Known allergy to cephalosporins
Use cautiously in patients with penicillin allergy
Renal impairment: reduce dosage
Monitor for signs of superinfection with prolonged use

Drug Interactions

Cefadroxil has a low potential for drug interactions, making it a safer option in polypharmacy. However:

Probenecid: Increases serum concentration by reducing renal clearance.
Antacids: May delay absorption slightly, though not clinically significant.
Oral contraceptives: Theoretical interaction; additional contraception is advised during antibiotic use.

Resistance Patterns

The emergence of antibiotic-resistant bacteria is a global concern. Cefadroxil resistance is primarily due to:

1. Beta-lactamase Production

Some E. coli and Klebsiella strains can hydrolyze Cefadroxil, rendering it ineffective.

2. Altered Penicillin-Binding Proteins

Especially in Streptococcus pneumoniae and other Gram-positives, these changes reduce binding affinity.
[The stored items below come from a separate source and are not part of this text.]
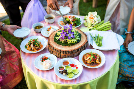 An elegant Thai dinner setting with ornate dishes of seafood curry, stir-fried vegetables, and crispy fish
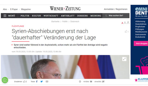 وقالت صحيفة فيينا في هذا الصدد، إن حظر الترحيل إلى سوريا لا يزال قائماً، وإن الداخلية النمساوية مستمرة في حظر عمليات الترحيل إلى سوريا ولكن تنتظر تقييم مكتب الهجرة واللجوء وبمجرد حدوث تغيير كبير على أرض الواقع في سوريا ربما يتم فك الحظر عن السوريين.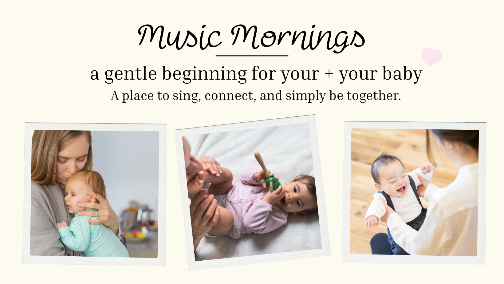 Each Music Morning includes simple songs, gentle movement, and playful musical experiences that support connection between you and your baby.

3. Efflux Pumps and Permeability Barriers

In Gram-negative bacilli, efflux mechanisms reduce intracellular drug concentration.

Current data indicate rising resistance in UTIs caused by E. coli, leading clinicians to prefer nitrofurantoin or fosfomycin in some areas.

Comparison with Other First-Generation Cephalosporins

Feature	Cefadroxil	Cephalexin	Cefazolin
Route	Oral	Oral	Parenteral (IV/IM)
Half-life	1.5 hours	0.5–1 hour	1.8 hours
Dosing	Q12–24H	Q6–12H	Q8H
Use	SSTIs, UTIs, pharyngitis	SSTIs, bone infections	Surgical prophylaxis

Cefadroxil is often preferred over cephalexin when less frequent dosing is desired.

Advantages of Cefadroxil

Once-daily dosing improves adherence
Good safety profile
Well-tolerated in children
Cost-effective
Proven efficacy in common infections

Limitations

Limited Gram-negative coverage
Not effective against MRSA or resistant Enterobacteriaceae
Potential for resistance with overuse
No activity against anaerobes or atypical pathogens

Cefadroxil and Antimicrobial Stewardship

Prescribers must use Cefadroxil judiciously to prevent unnecessary resistance. It should not be used for viral infections or when a narrower spectrum agent (like penicillin) would suffice.

Best practices include:

Targeting use to confirmed/suspected susceptible pathogens
Avoiding for empiric therapy in areas with high resistance
Using proper duration and dose
Educating patients on adherence

Use in Special Populations

Pediatrics

Commonly used and well tolerated
Palatable oral suspension aids compliance

Pregnancy

Category B: No evidence of fetal harm
Safe alternative when penicillin is contraindicated

Lactation

Minimal excretion in breast milk
Generally considered safe

Elderly

Adjust dose in renal impairment
Monitor for side effects due to polypharmacy

Future of Cefadroxil

With increasing antibiotic resistance, Cefadroxil’s role is evolving. It remains a cornerstone for uncomplicated outpatient infections, especially where local resistance data supports its use. Continued surveillance, diagnostic stewardship, and appropriate use will determine its long-term utility.

Conclusion

Cefadroxil is a reliable, effective, and convenient first-generation cephalosporin. Its role in treating common bacterial infections—especially skin, throat, and urinary tract infections—makes it invaluable in both pediatric and adult medicine. Its once-daily dosing, affordability, and safety profile give it a unique advantage, particularly in settings where adherence is a concern.